[Task goal]:
The data below contains pictures, which are to be skipped; the lines starting at the line with "Featuring a light" and ending at the line with "Mit dem Anstieg" are to be output exactly, both ends included.

[Entries shown]:
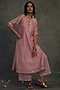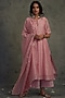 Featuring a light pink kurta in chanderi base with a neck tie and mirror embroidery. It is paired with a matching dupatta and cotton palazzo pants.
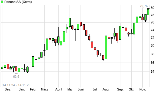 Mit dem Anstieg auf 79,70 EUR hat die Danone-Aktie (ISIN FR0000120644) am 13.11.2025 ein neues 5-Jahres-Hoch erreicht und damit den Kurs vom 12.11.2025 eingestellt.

==

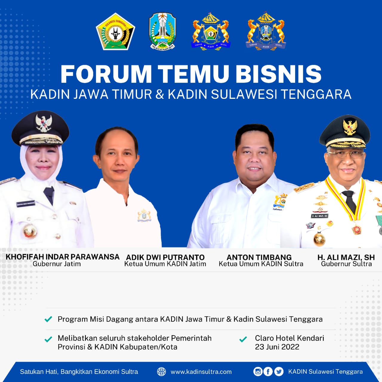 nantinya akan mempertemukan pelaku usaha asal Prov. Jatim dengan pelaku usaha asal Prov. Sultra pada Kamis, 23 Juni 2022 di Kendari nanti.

[Expected answer]:
 Featuring a light pink kurta in chanderi base with a neck tie and mirror embroidery. It is paired with a matching dupatta and cotton palazzo pants.
 Mit dem Anstieg auf 79,70 EUR hat die Danone-Aktie (ISIN FR0000120644) am 13.11.2025 ein neues 5-Jahres-Hoch erreicht und damit den Kurs vom 12.11.2025 eingestellt.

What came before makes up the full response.